Currently, probably the most successful refinement procedures use the all atom force-field that focuses on the short range interactions and Monte Carlo minimization. Unfortunately, the methods consume a lot of computer power and can be used only for small protein domains . The authors suggest that the primary bottleneck in a consistent high resolution prediction appears to be the conformational sampling. Insufficient sampling misses the native basin and a false minimum could be selected.

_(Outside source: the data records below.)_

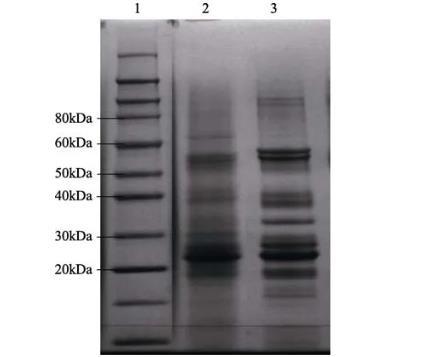 SDS-PAGE分析在NuPAGE 4%~12%Bis-Tris Mini Gel预制胶(Invitrogen,USA)上进行。在样品中加入NuPAGE LDS sample Buffer和NuPAGE Reducing Agent(Invitrogen),70℃加热10 min,短暂离心后上样,每孔道上样20μL,200 V恒电压电泳。凝胶用考马斯亮蓝R-250染色。
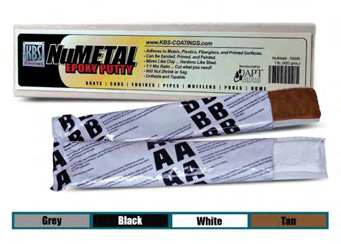 When you need to repair cracks and gouges in your boat, NuMetal Epoxy Putty from KBS Coatings will ensure a long-lasting, reliable finish. This easy-to-use two-part formula provides a durable solution with a compound that cures without shrinking or sagging. NuMetal is incredibly versatile and is perfect for hull, deck, and keel repairs, effectively filling cracks, holes, and gouges. Additionally, it excels at fiberglass and gelcoat repairs and can tackle rot and other damage. NuMetal is also highly effective for sealing and bonding fittings and hardware, ensuring a long-lasting, reliable finish for boat repairs. Ideal for marine applications, NuMetal can be drilled, tapped, sanded, primed, and painted. It also works great for quick underwater repairs. Withstanding temperatures up to 300 degrees Fahrenheit, NuMetal is available in white, tan, black, and grey. (www.kbs-coatings.com)
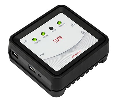 The Elatec TCP3 Adapter receives power either from an external 5Volt power source or from an Ethernet connection that supports power over ethernet. See the Technical Manual provided with the Elatec TCP3 for more details.
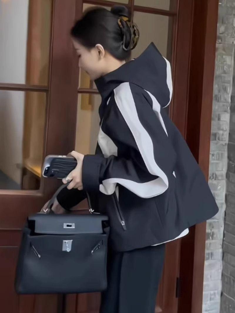 2025 Primavera y Otoño Nuevo Cortavientos Estilo Deportivo para Senderismo al Aire Libre con Bloques de Color Chaqueta Corta Talla Grande con Capucha Chaqueta de Béisbol Cortavientos
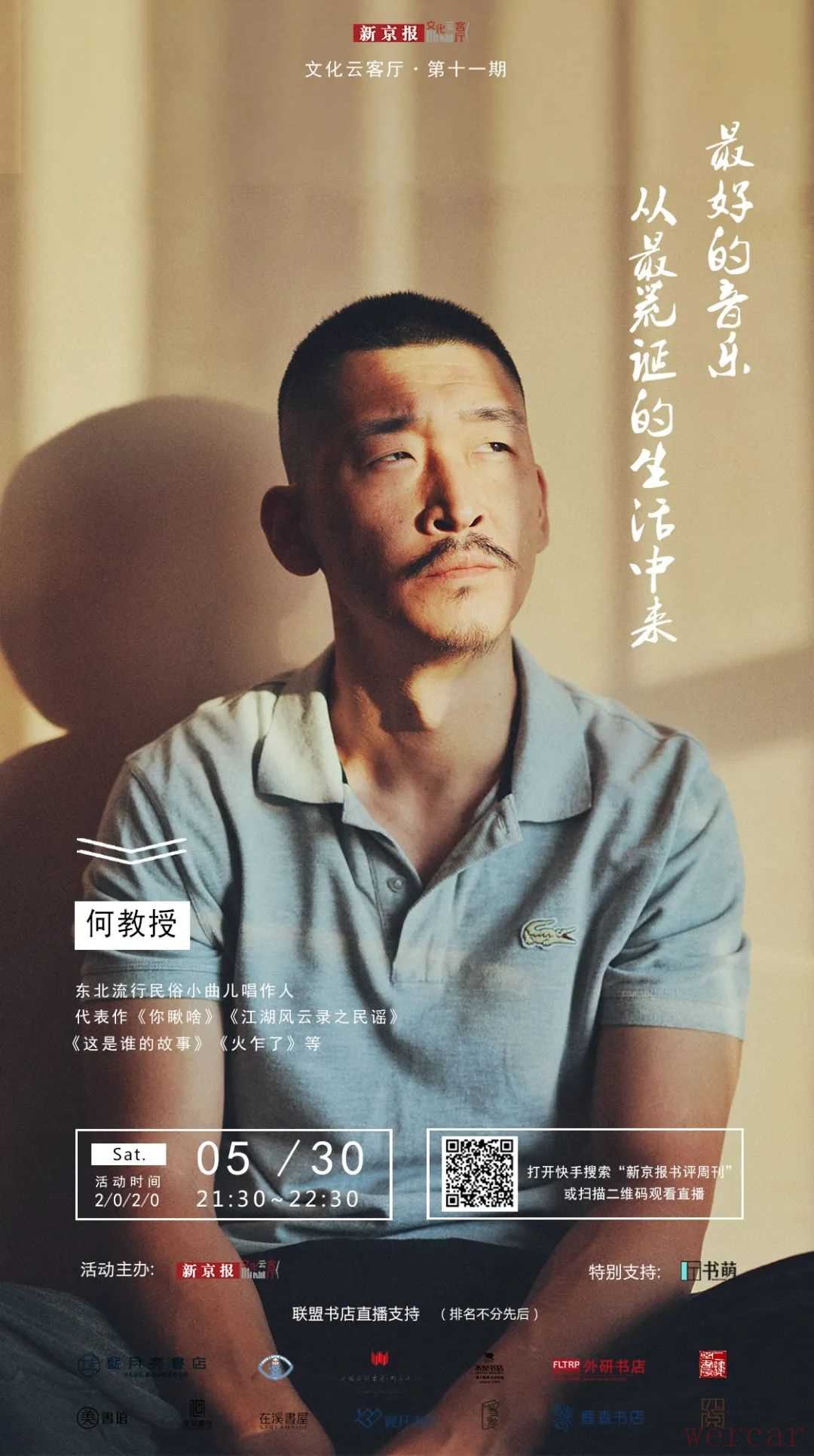 21:30,新京报·文化云客厅系列直播第十一期,我们到唱作音乐人何教授在新京报书评周刊快手直播间与你分享音乐创作如何与荒诞生活勾连:音乐能否抵抗生活的荒诞?普通人如何与生活和解?
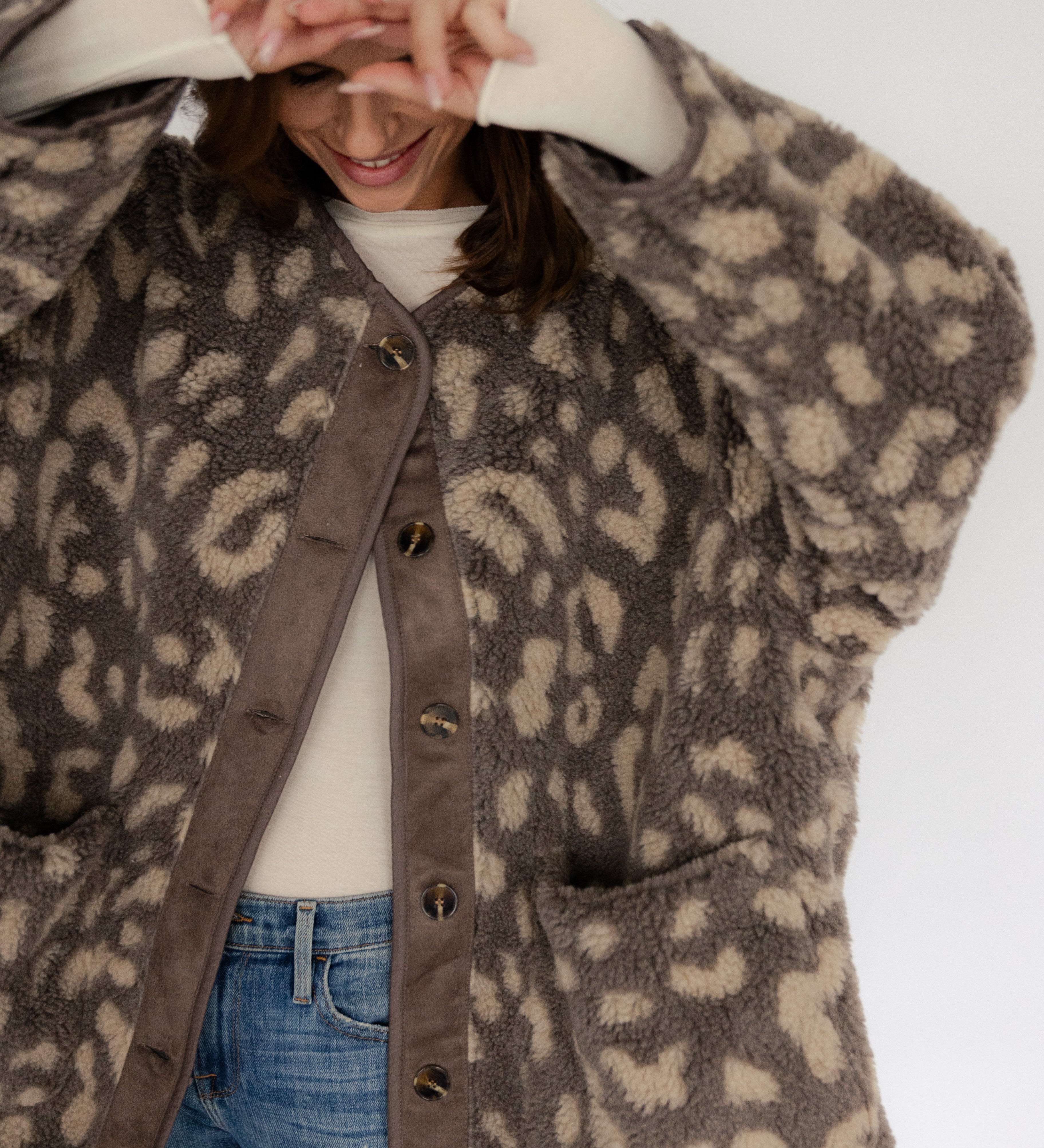 OVERSIZE LEOJACKE IN TAUPE

Here we show that by using a combination of a relatively high resolution sampling in a reduced conformational space, with the model selection by an all-atom detailed potentials and a high performance computing, the high resolution structure prediction can be achieved (less than 1.0 Å from native). To get such result the reduced models need to be diverse enough to cover the near-native subset of the conformational space. CABS (CA-CB-Side chain) modeling tool was employed for this purpose [17,18]. CABS model was successfully used by Kolinski-Bujnicki group during the CASP6 (Critical Assessment of Protein Structure Prediction) experiment – the average score of the models submitted by this group was the second best among about 200 groups participating. Interestingly, inspections of the simulation trajectories after publication of the target structures have shown, that there were always better models (frequently much better) than those submitted to the CASP6 server. The lack of specificity of the CABS force field in a 3 Å vicinity of the native structure, was the main reason of the poor model selection. In this range the CABS energy is poorly correlated with RMSD for the majority of proteins. During the CASP6 experiment the group mentioned above, did not have sufficient computer resources for the all-atom refinement. Also, the role of even brief all-atom refinement in the proper model selection was underestimated at that time by the authors. Nevertheless, several submitted models (comparative modeling using CABS) were of very high accuracy, similar to the accuracy of crystallographic structures (detailed results are available at CASP6 website ).

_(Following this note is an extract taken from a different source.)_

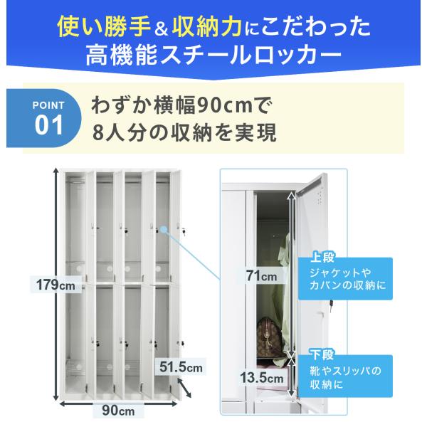 スチールロッカー 8人用 オフィス 更衣室 鍵付き 4列 2段 ホワイト 白 ブラック 黒
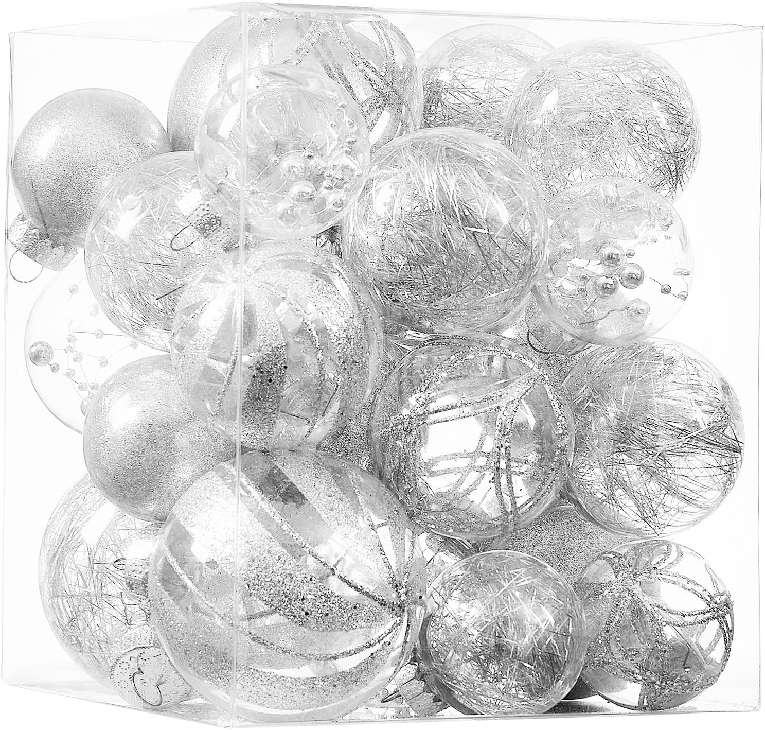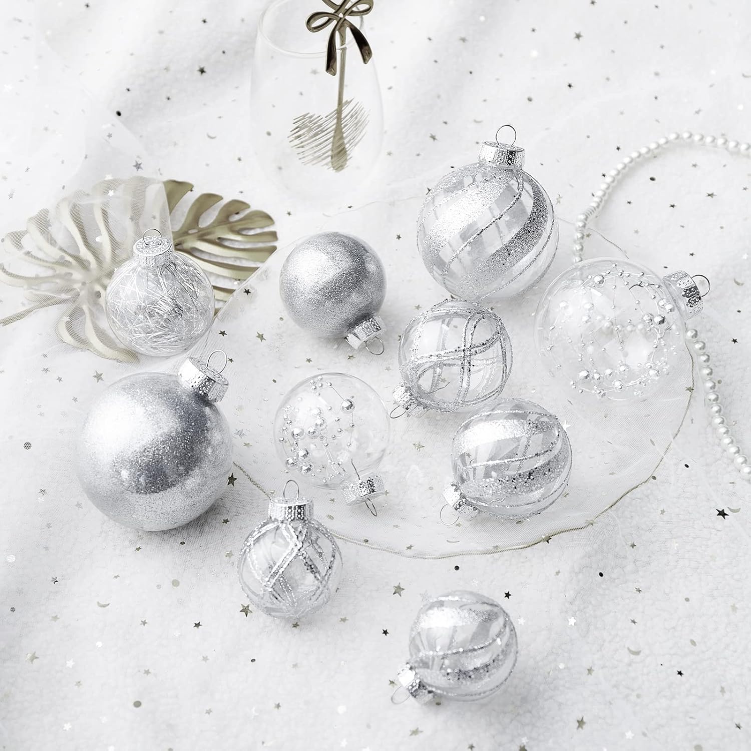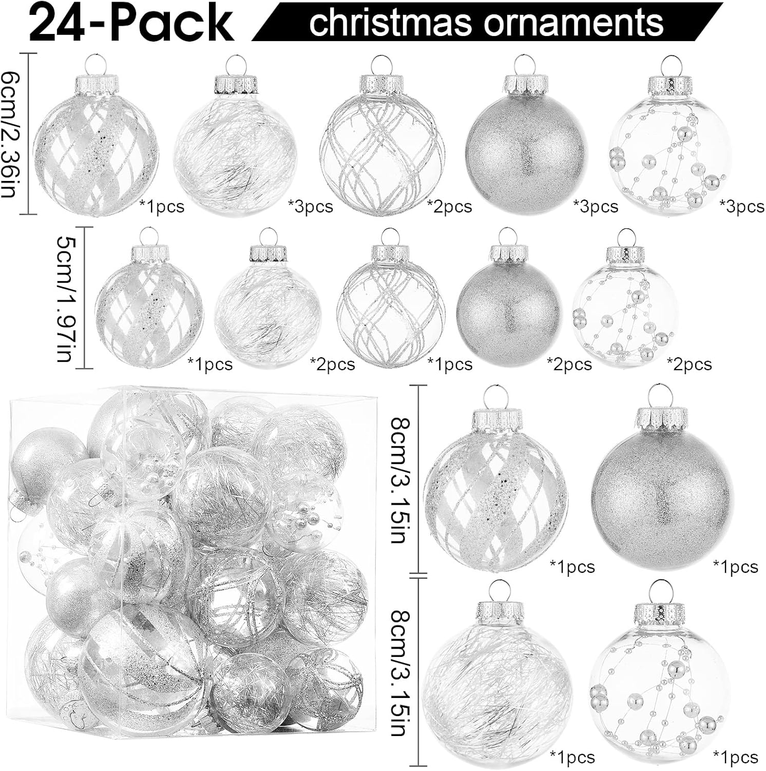• Silver Christmas Ball Ornaments--These 24ct clear Christmas decorations are made of durable and environmentally friendly plastic with excellent shatter resistance. These Christmas balls have shiny decorations and a transparent glaze base, which are perfect for hanging on your Xmas tree and decorating your Home with them,this will become part of your vacation.

In the present work we have demonstrated that a short, all-atom minimization with fixed Cα positions can properly rank-order large sets of near native decoys generated by CABS. In this context it becomes apparent that critical for the high-resolution protein structure prediction is ability to generate sets of models that contain some near-native structures. In comparative modeling with CABS, it could be achieved by using restraints extracted from various templates with alternative alignments in the uncertain regions. To our knowledge, that's the first approach enabling a meaningful refinement of large protein domains. The procedure proposed here may also work for small proteins in the template-free modeling. In such cases very large and diverse sets of decoys need to be generated and properly clustered before the all-atom based model selection. To further evaluate the proposed method for model assessment and ranking, we also performed tests on models generated by MODELLER  – probably the most popular, versatile and quite accurate computational tool for comparative modeling. Such models are collected in the MOULDER testing set  – a comprehensive and well evaluated, present-day decoy set. Numerous state-of-the-art methods for model selection were tested using this set. Our method performed similarly well, or even better than majority of the other methods. Very rigorous criteria of the model ranking assessments were used to make this comparison.